P. S. Эта заметка была уже написана, когда в «П. Н.» появилось несколько слов П. Н. Милюкова, касающихся меня. К сожалению, П. H. M. так странно переплел упреки по адресу Мережковского с упреками мне, что, отвечая, все время приходится расплетать эту вязь, выделять касающееся меня. Но это необходимо. Мережковский, если захочет, ответит на свое сам.
Да, уверенности, что «Посл. Н.» придут (и еще логически) к тому, к чему они пришли, у меня не было. В моем согласии с П. Н. Милюковым, за все время сотрудничества моего в газете, ничего не было ни «двусмысленного», ни «недоговоренного»: я своей позиции никогда ни перед кем не скрываю. И, вероятно, позиция самого П. Н. не так уж далеко отстояла от моей: знаменитый «карандаш» ни одной у меня строки ни разу не вычеркнул. Главные линии наши совпадали (не говорю об оттенках): отношение газеты к «правым» — было созвучно моему: неоднократным заявлениям, что, по отношению к большевицкому насилию и большевикам, газета держится позиции революционной, — отвечала моя непримиримость. У нас с П. H. M. была разная метафизика; но это, по его же словам, политическому согласию нашему не мешало.

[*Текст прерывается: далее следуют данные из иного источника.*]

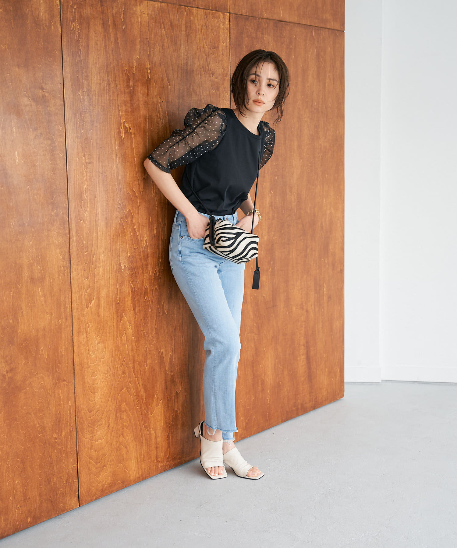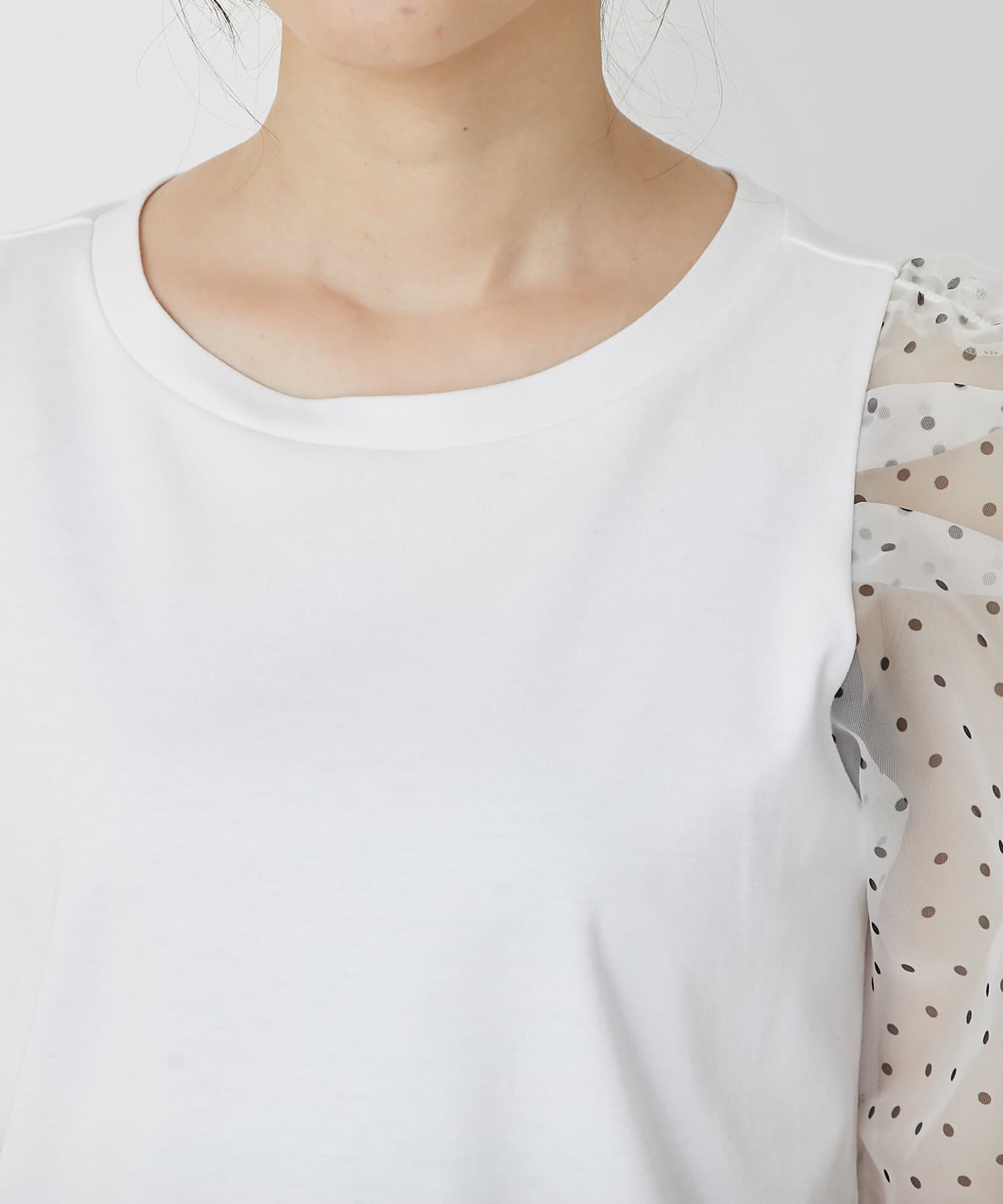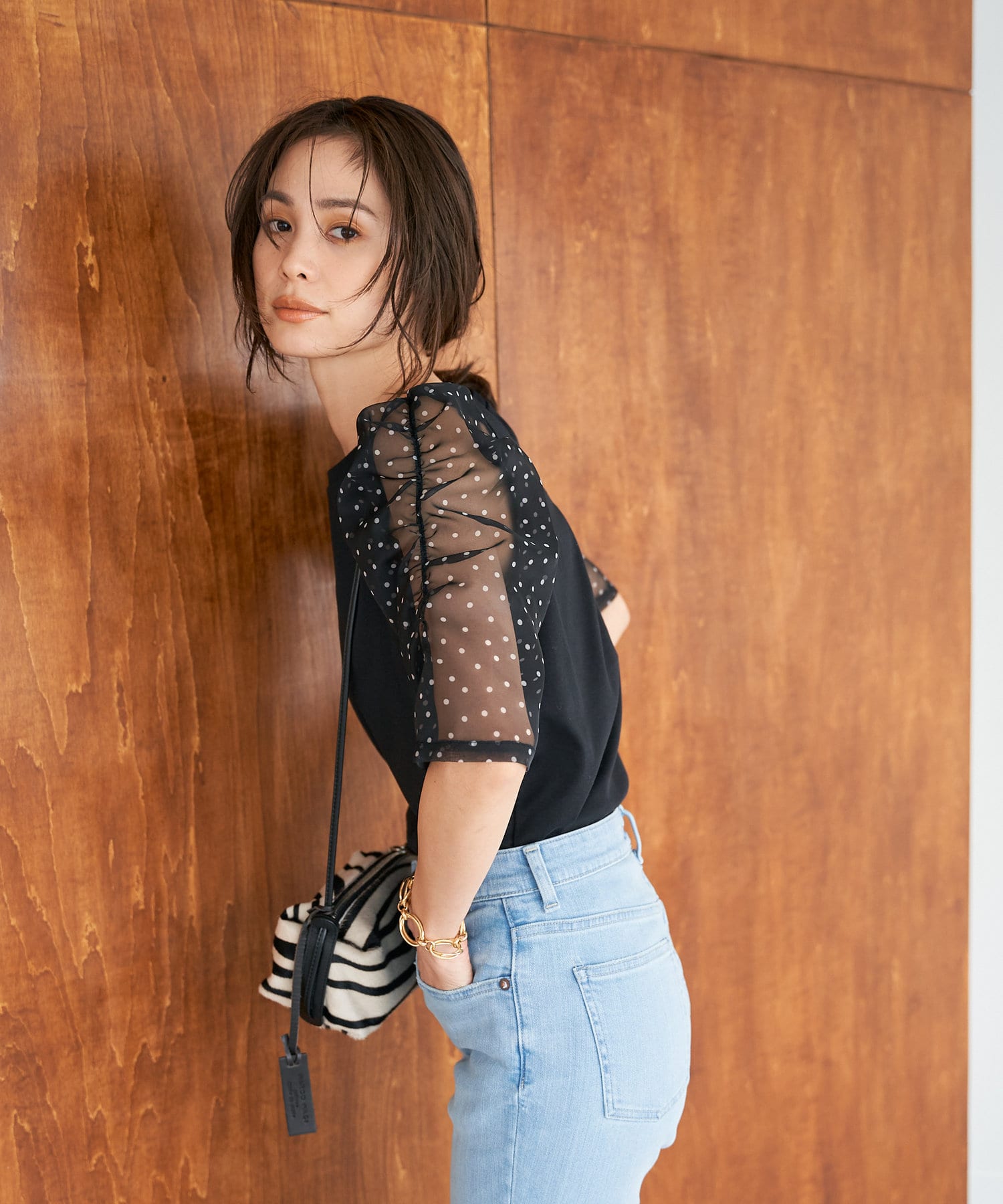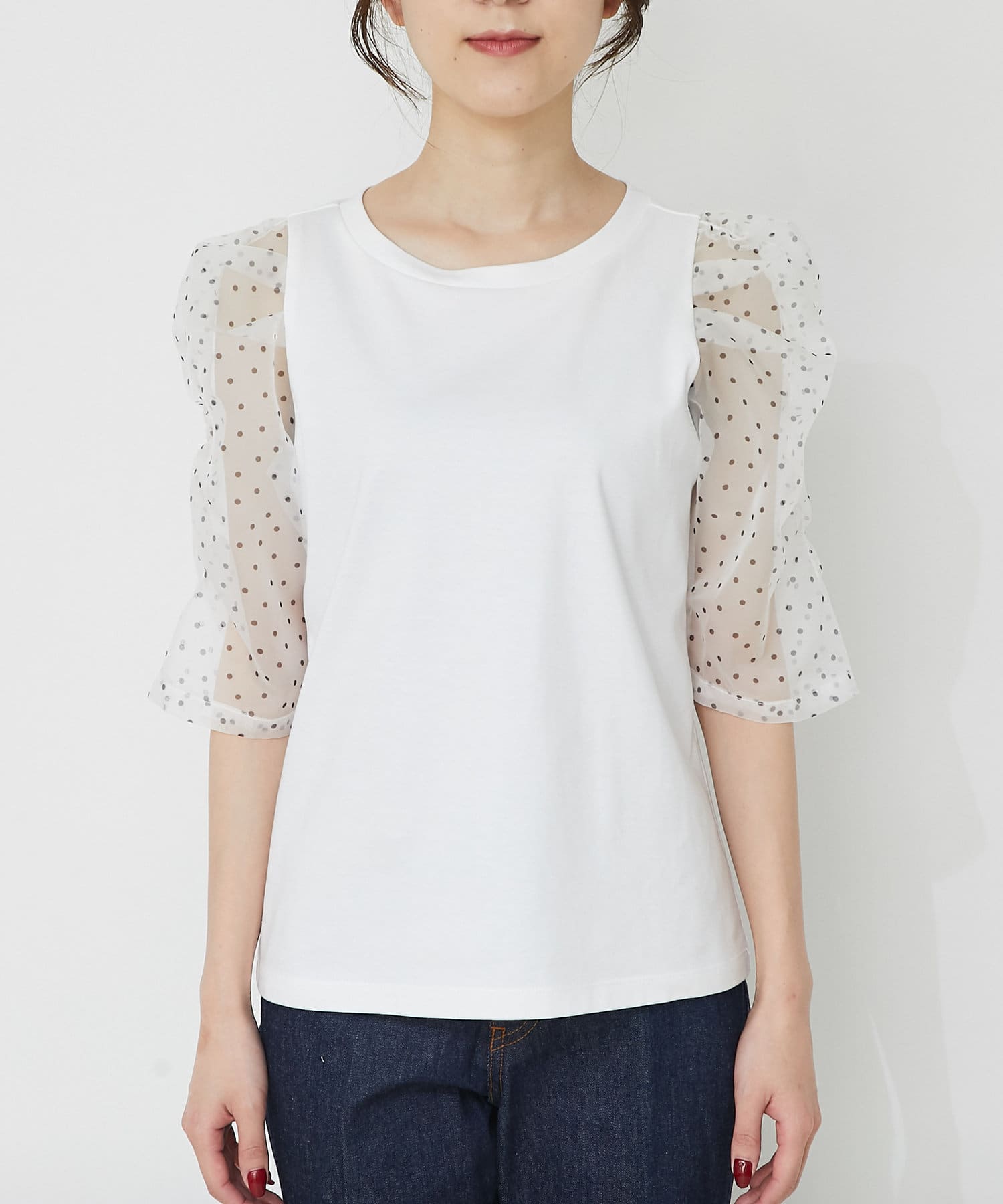 【ふんわりとした袖がポイント】シースルードットスリーブカットソー

При первых признаках отхода «Посл. Нов.» от моей позиции, мне оставалось сделать одно: фактически прекратить сотрудничество, выждать, в молчании, пока позиция газеты, так или иначе, определится. Этот добровольный отказ от писательской деятельности, мое молчание, — длилось 8месяцев (вряд ли газета могла счесть его только случайностью). Риск, что молчание, если «Посл. Нов.» повернуть в неприемлемую сторону, сделается перманентным, был принят заранее; о газете под редакцией Струве, конечно, не поднималось и вопроса.

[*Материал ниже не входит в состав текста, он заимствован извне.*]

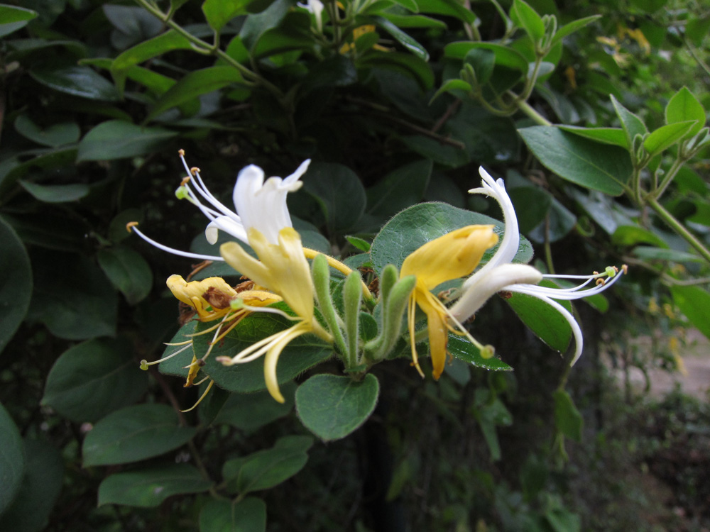 忍冬科多年生半常綠纏繞木質藤本,莖中空,多分枝。葉對生,紙質,葉片卵形、長圓狀卵形或卵狀披針形,先端短尖,基部圓形或近心形,全緣。花成對腋生,苞片葉狀,花初開時色白,2-3天後轉成黃色,因而得名「金銀花」。莖、葉、花密被短柔毛。漿果球形,成熟時藍黑色,有光澤。藥用花蕾。味甘,性寒,功能清熱解毒,主治溫病發熱,熱毒血痢,癰腫疔瘡,喉痹等。
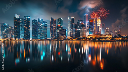 © Jhati, Naklejka premium A lively New Year's Eve in Singapore, with fireworks lighting up the skyline.
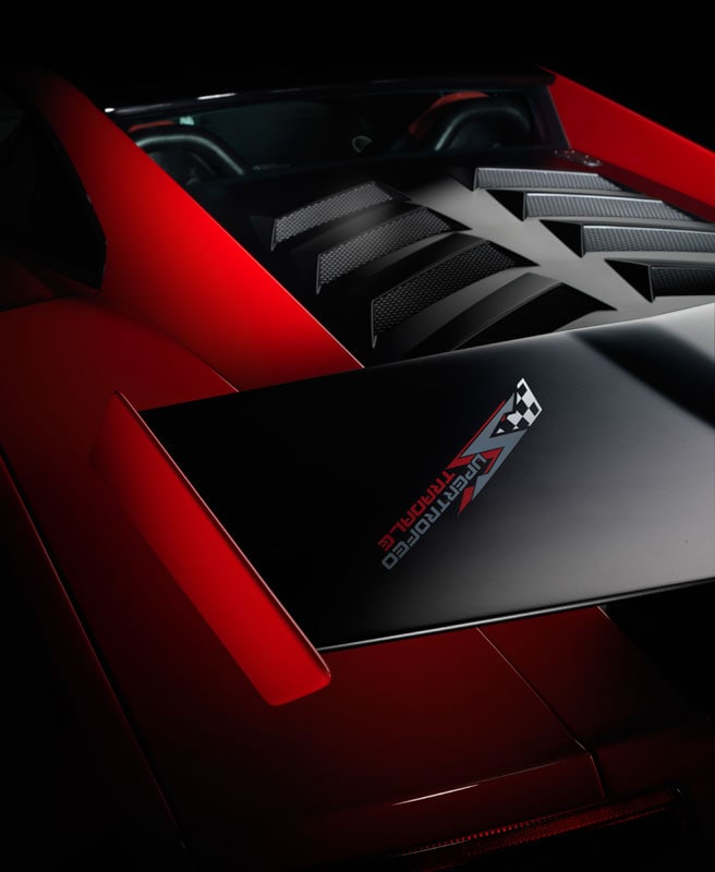 De Lamborghini Blancpain Super Trofeo raceklasse is de grootste klasse waarin met slechts één model wordt geracet. Die circuitauto is nu ook te koop met straattoelating. Lamborghini bouwt er slechts 150. De 570 pk sterke V10 wordt zonder modificaties overgenomen en je herkent 'm natuurlijk meteen aan de enorme (verstelbare) achterspoiler, die ons doet mijmeren over de goeie ouwe Countach en is afgewerkt in hoogglans zwart. Die kleur kan als optie ook op het dak worden toegepast. De krachtbron is overigens gekoppeld aan de zestraps e-gear-transmissie.
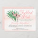 De flamants roses élégants, des oiseaux tropicaux et des feuilles de palmier dessinés à la main à l'aquarelle créent cette jolie invitation à une baby shower rose.
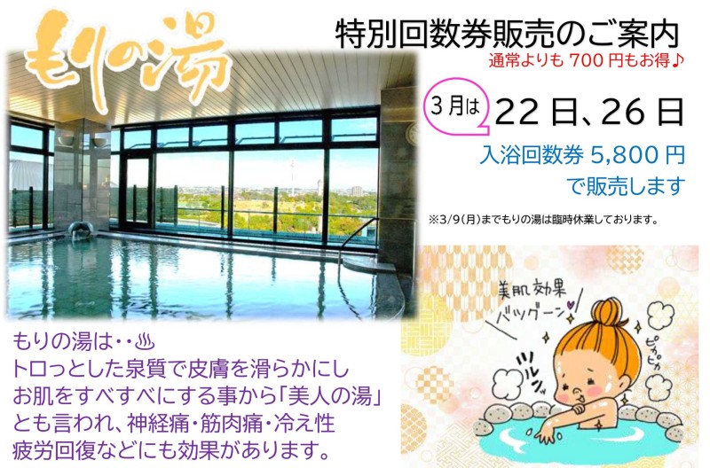 天然温泉「もりの湯」よりお知らせ
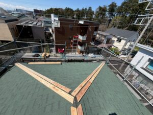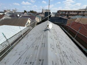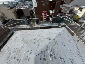 初めにルーフィングを敷いて防水性能を確保します。
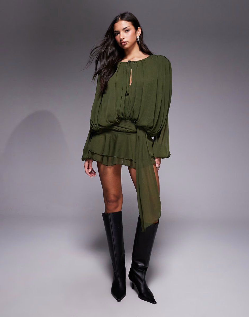 The Lioness Elements Khaki Balloon Sleeve Mini Dress is ideal for casual, evening, party.

Перемена позиции «Посл. Нов.», и очень, на мой взгляд, существенная, стала, наконец, для меня фактом. Но, однако, хотя за это время «Возрождение» уж освободилось от своего вождя и верных его последователей, никакая перспектива полного молчания не могла меня побудить к недостаточно сознательному шагу. Если многим другим ухода Струве и его правых сотрудников было довольно, — для меня этого было мало. Мне нужна была возможность, непременно в первой же статье, определить с точностью мою политическую позицию, провести главную ее линию. Ту же самую, конечно, которая проводилась мною и в «Посл. Нов.»; с линией П. Н. Милюкова она совпадала, — пока не перестала совпадать: и не потому, что сдвинулась моя.

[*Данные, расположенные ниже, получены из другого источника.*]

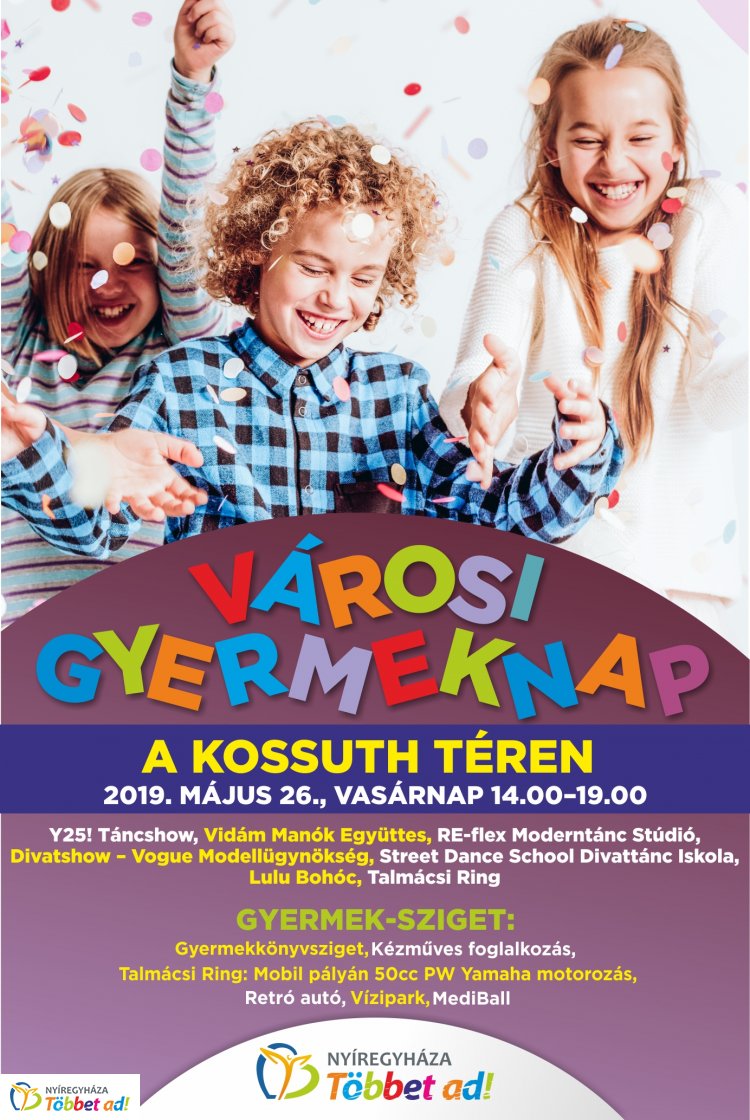 Nyíregyháza önkormányzata Városi Gyermeknapra várja a családokat május 26-án délután, a Kossuth térre. A programok felhőtlen kikapcsolódást ígérnek gyerekeknek és felnőtteknek egyaránt. A programok délután két órától kezdődnek a város szívében, ahol színesebbnél színesebb programok fogadják majd a kilátogató gyerekeket és szülőket. Lesz táncshow, divatshow, Lulu bohóc és a Vidám Manók Együttes, illetve a programok mellett külön gyermeksziget is megtalálható lesz a Kossuth téren, ahol gyermekkönyvsziget, kézműves foglalkozások, vízipark, Mediball, Retro autók és a Talmácsi Ring mobil pályája várja a kicsiket.

Редакция «Возрождения» сочла напечатание таковой, если угодно, программной, статьи, — делом возможным. Это освобождало меня от сомнений, действительно ли произошли в газете перемены с уходом Струве. Если бы они не произошли, если б газета была такой, какой видят ее по сей день «Дни» и «Посл. Нов.», она статью «Третий путь» не напечатала бы. П. Н. Милюков прекрасно должен это понимать.
Но… П. Н. Милюков, вероятно, не знает содержанья статьи, а потому не поймет ни этого, ни моих пояснений. Он пишет исключительно о факте ее появления в данной газете, так, будто там напечатано лишь мое имя под белым местом. Вишняк в «Днях» (см. выше ответ ему) тоже обращает свое раздраженное внимание, главным образом, на этот факт. Но Вишняк хоть пытается приспособить мой текст к своему раздраженью, Милюков же вовсе его не трогает.
Нет, очевидно, статья эта заплелась Милюковым в какой-нибудь узелок, когда перепутывался со мною Мережковский, и там она пропала. Ведь иначе вряд ли написал бы Пав. Н. что я, «перейдя к Гукасову», немедленно же «ополчаюсь» на него, П. Н. Милюкова. Там ни малейших «ополчений» и не бывало, если таковыми не считать кратких замечаний насчет спора Керенский--Милюков, причем принципиально прав был последний. Все, что я могу сказать, и может быть, скажу впоследствии, о Милюкове (к которому сохраняю, — хочет он того или не хочет, — самое неизменное расположение и справедливое уважение), — все это мне было бы просто сказать ему и в дружеском споре, где обычно никто ни на кого не «ополчен».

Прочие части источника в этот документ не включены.